Et il y a des minutes, maintenant, où je me demande pourquoi lui refuser, pourquoi me refuser une ivresse qui sera sans lendemain ?

Sauvagement, je me prends à appeler la rafale merveilleuse qui emporte les êtres hors du monde… A vouloir les délices folles où je perdrai l’épouvante, la notion même de l’avenir, de l’anéantissement possible, et tout proche peut-être.

Puisque j’ai donné le meilleur de moi, pensée, cœur, à quoi bon garder farouchement mon corps qui, bientôt, ne sera plus qu’une loque brisée par le mal, dont lui-même, mon aimé, n’aurait plus le désir ? Ma pauvre petite guenille humaine ! combien elle m’inspire de tendresse et de pitié, quand je songe à l’horrible travail qui s’accomplit obscurément en elle !

Et cependant, je résiste au désir qui gronde et supplie… Pourquoi ?

Quels vieux instincts, à moi légués par ma pure maman, arrêtent l’élan de mon être qui, affolé par le spectre de la destruction, cherche éperdument la brûlante source de vie ?

Est-ce donc que je subis l’influence de mon éducation première ?… que j’obéis à l’orgueil qui m’impose de partir — si je dois partir — sans avoir failli, sans être descendue au niveau de l’homme à qui je suis liée, des femmes qui se sont livrées à lui ?

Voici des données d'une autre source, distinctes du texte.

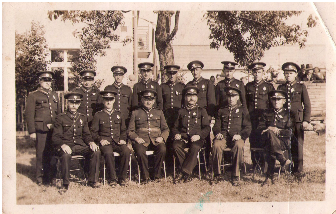
Hasiči z Jemniště a Lísku ve slavnostních uniformách zřejmě při coičení v roce 1935.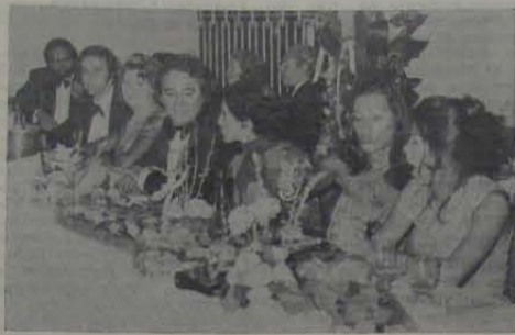
Mesa da diretoria do Nova Iguaçu Country Club, no Baile das Debutantes.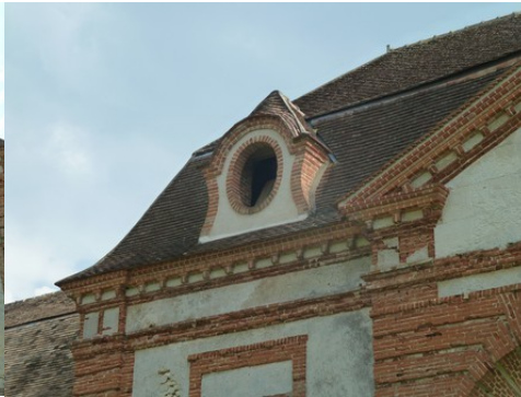
Une lucarne (détail)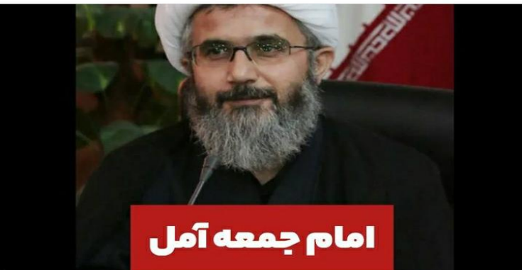
امام جمعه آمل

شاید مردم ندانند اما آلبانی نشین‌ها (منافقین) برای تصرف آمل پیام داده بودند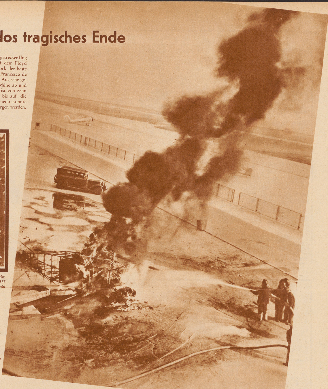
Die Flugplatzfeuerwehr bei der Löscharbeit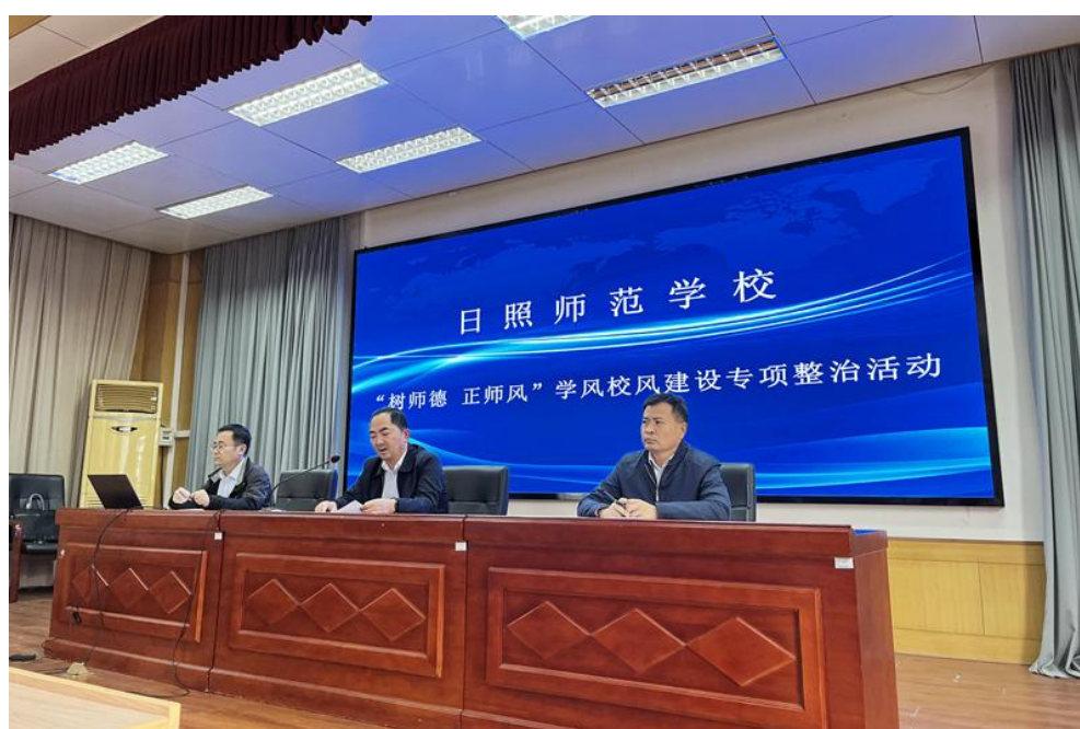
图 20 日照师范学校“树师德 正师风”校风教风学风建设专项整治活动专题会议

贡献、重业绩的评价和绩效激励机制，逐步完善学校《绩效考核与分配办法》等制度，体现多劳多得、优绩优酬，实现对全体教职工的绩效考核全覆盖，激发教师队伍潜能。以个人绩效评价为基础，构建教学单位的绩效评价体系，推动资源和权责在教学单位之间的合理配置，深化二级管理模式，撬动学校体制机制创新，持续激发办学活力，推动学校高质量内涵式发展。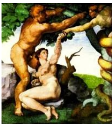
La Bible et ses fantômes de Didier Dumas

Le présent ouvrage propose une analyse tout à fait nouvelle de la mythologie biblique, plus précisément des onze premiers chapitres de la Genèse (de la Création à la Tour de Babel, de la descendance d'Adam à celle de Noé). L'auteur y démontre que la Bible est un livre qui fonde le patriarcat et la Genèse une thèse de psychanalyse transgénérationnelle, qui n'a rien à envier aux recherches théoriques les plus récentes en ce domaine.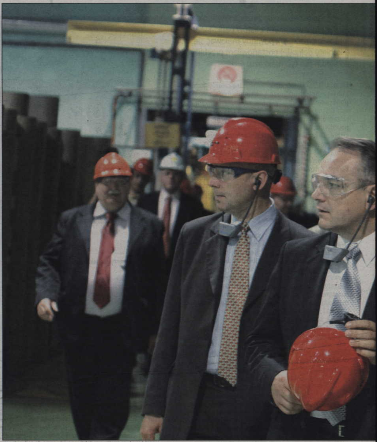
Wycieczka wicepremiera pod fabryce International Paper.

- Pomyślcie sobie o czymś takim, jak muzyka Chopina - mówił. - On nie wstydził się muzyki ludowej, ani kraju, z którego pochodził. Potrafił jednak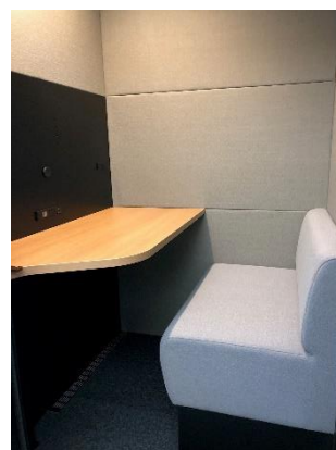
左) テレキューブ WEB 会議センター内テレキューブ実装タブレット・LED 照明

Parce que je redoute le jugement que mon bien-aimé lui-même pourrait alors porter sur moi ?…

Parce que je ne veux pas lui offrir un corps où, peut-être, la mort a planté ses griffes ?…

Ah ! que de liens m’emprisonnent, entre lesquels je me débats, frémissante, révoltée. Et que, pourtant, je ne brise pas !

20 septembre.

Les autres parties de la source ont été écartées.